= Bishop of Connor =

Episcopal title

The Bishop of Connor is an episcopal title which takes its name after the village of Connor in County Antrim, Northern Ireland. The title is currently used by the Church of Ireland, but in the Roman Catholic Church it has been united with another bishopric.

==History==
The diocese of Connor was one of the twenty-four dioceses established at the Synod of Rathbreasail in 1111. It is located in the northeast corner of Ireland and includes much of the city of Belfast. By some of the Irish annalists it was called by its territorial name The See of Dalaradia.

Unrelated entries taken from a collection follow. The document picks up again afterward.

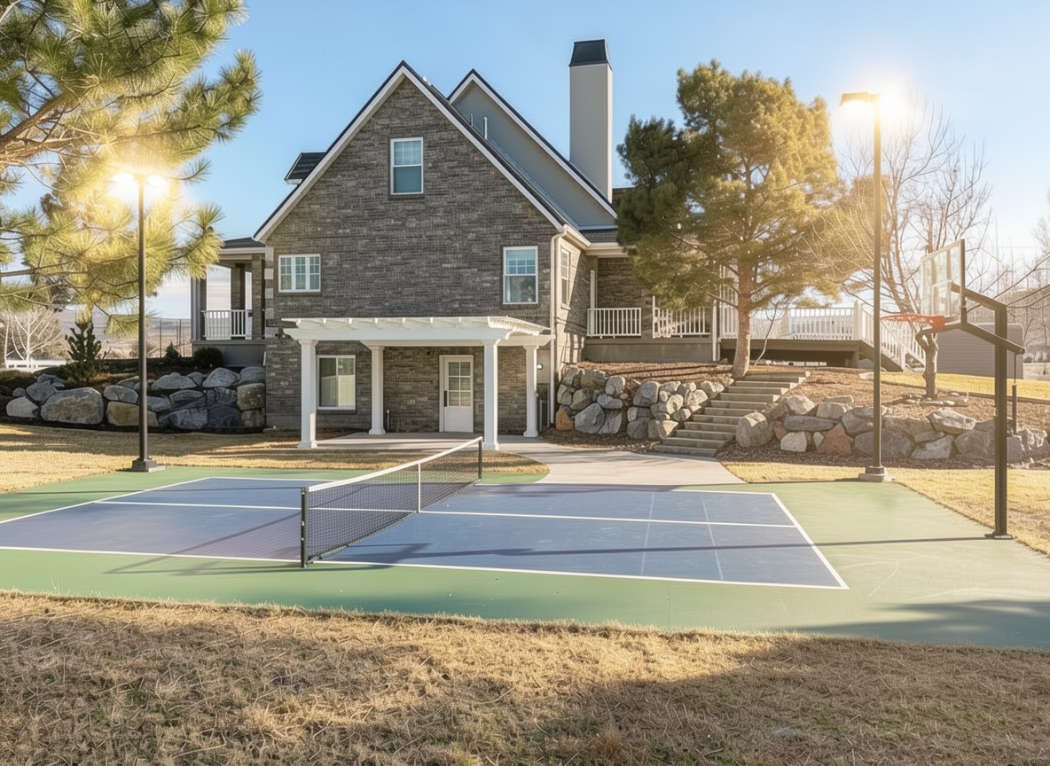 add a concrete walk way that starts right behind the left post of the pergola and runs up the yard right in front of the retaining wall to the left
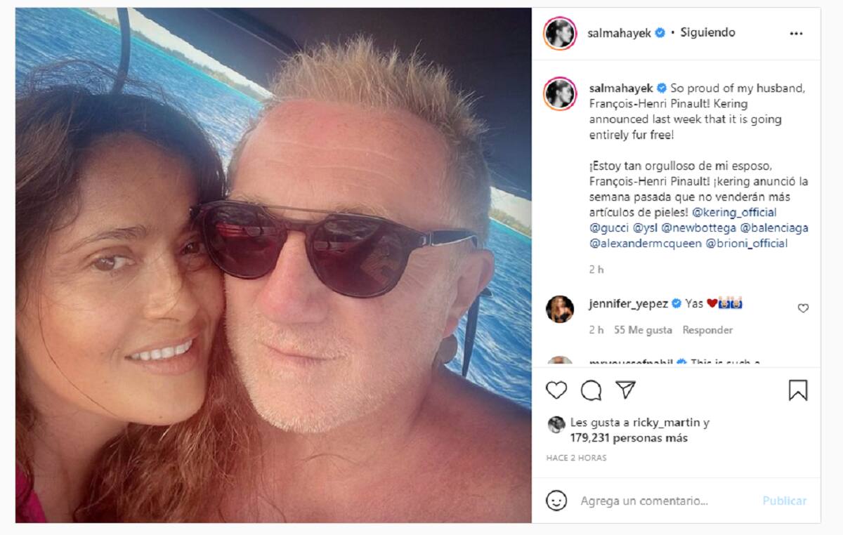 Salma Hayek orgullosa de François-Henri Pinault tras anunciar que sus firmas dejarán de utilizar pieles
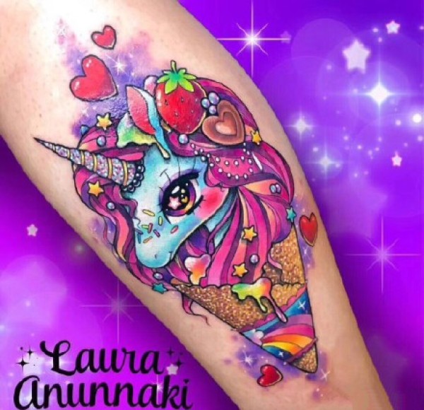 一组彩色梦幻可爱卡哇伊的纹身图案作品
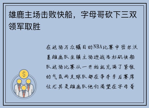 雄鹿主场击败快船,字母哥砍下三双领军取胜
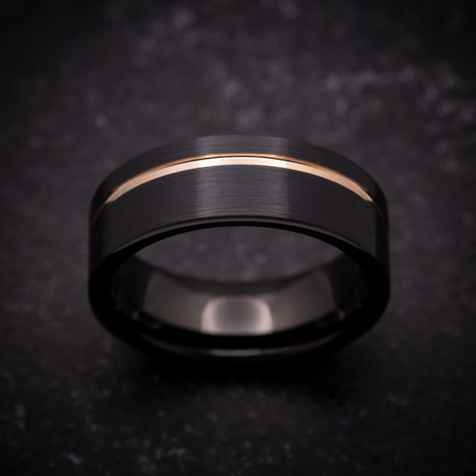 Rose Gold Tungsten Ring with Carbon Fiber Inlay
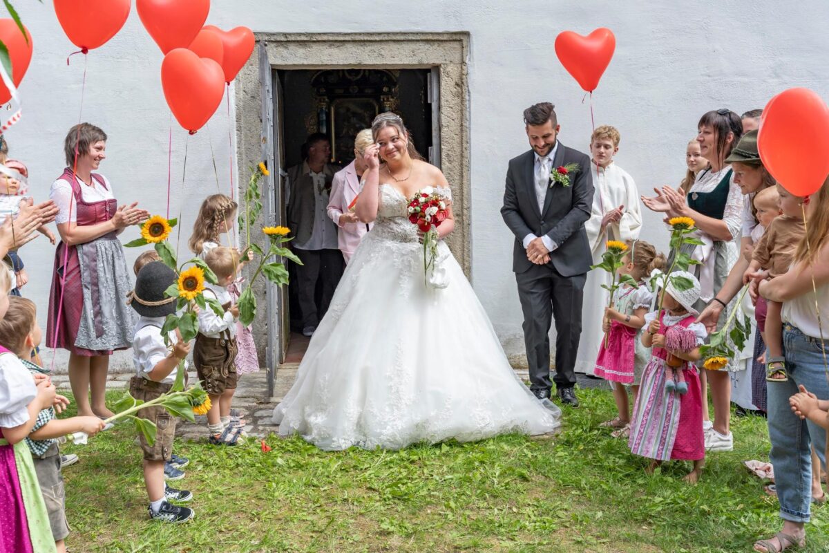 Nach der kirchlichen Trauung wurde das Paar bei herrlichem Sonnenschein bereits von vielen Gratulanten erwartet. Zu Tränen rührte die Braut besonders die junge Gratulantenschar. Gekommen waren „ihre“ Kinder aus der Kleinkindgruppe des Kindergartens Pleystein, die Céline seit einem Jahr als Erzieherin leitet. Die dreijährigen Buben und Mädchen gratulierten in Tracht mit Eltern, Geschwistern und dem Kindergartenpersonal. Sie alle wünschten dem Brautpaar mit vielen Geschenken alles Gute für die Zukunft und ließen rote Herzballons in den blauen Himmel steigen.
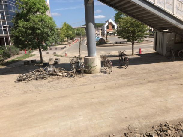 一番印象的だったのは、家財道具や瓦礫の多さです。バスの車窓から見えた手付かずの山は1km近くも続いており、被害の大きさを表していました(写真3, 4)。また、歩道の端に木材が積んであるところや、自転車が泥だらけのまま放置されている(写真2)のを見て、辛くなりました。少しでも早く被災地の方々が日常に戻れるように尽力したいと思いました。
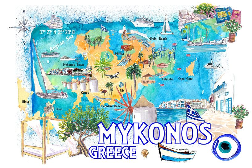 À propos de ‘Mykonos Grèce Cyclades Carte illustrée de l'île avec les sites célèbres’ par Markus Bleichner

For a brief period in the early 12th-century, the see of Connor was united with Down under Máel Máedóc Ua Morgair (Saint Malachy), who also was Archbishop of Armagh. On 29 July 1439, plans for a permanent union of the two sees were submitted to King Henry VI of England for his sanction. Exactly twelve months later, 29 July 1439, Pope Eugene IV issued a papal bull stating that Down and Connor were to be united on the death or resignation of either bishop. In 1442, John Sely, Bishop of Down, was deprived of his see by Pope Eugene IV, thereby effecting the union of the two dioceses. John Fossade, who had been bishop of Connor since 1431, became the bishop of the united see of Down and Connor in late 1442. However, due to strong opposition to the union in the diocese of Down, three more bishops of Down were appointed before the two sees finally united.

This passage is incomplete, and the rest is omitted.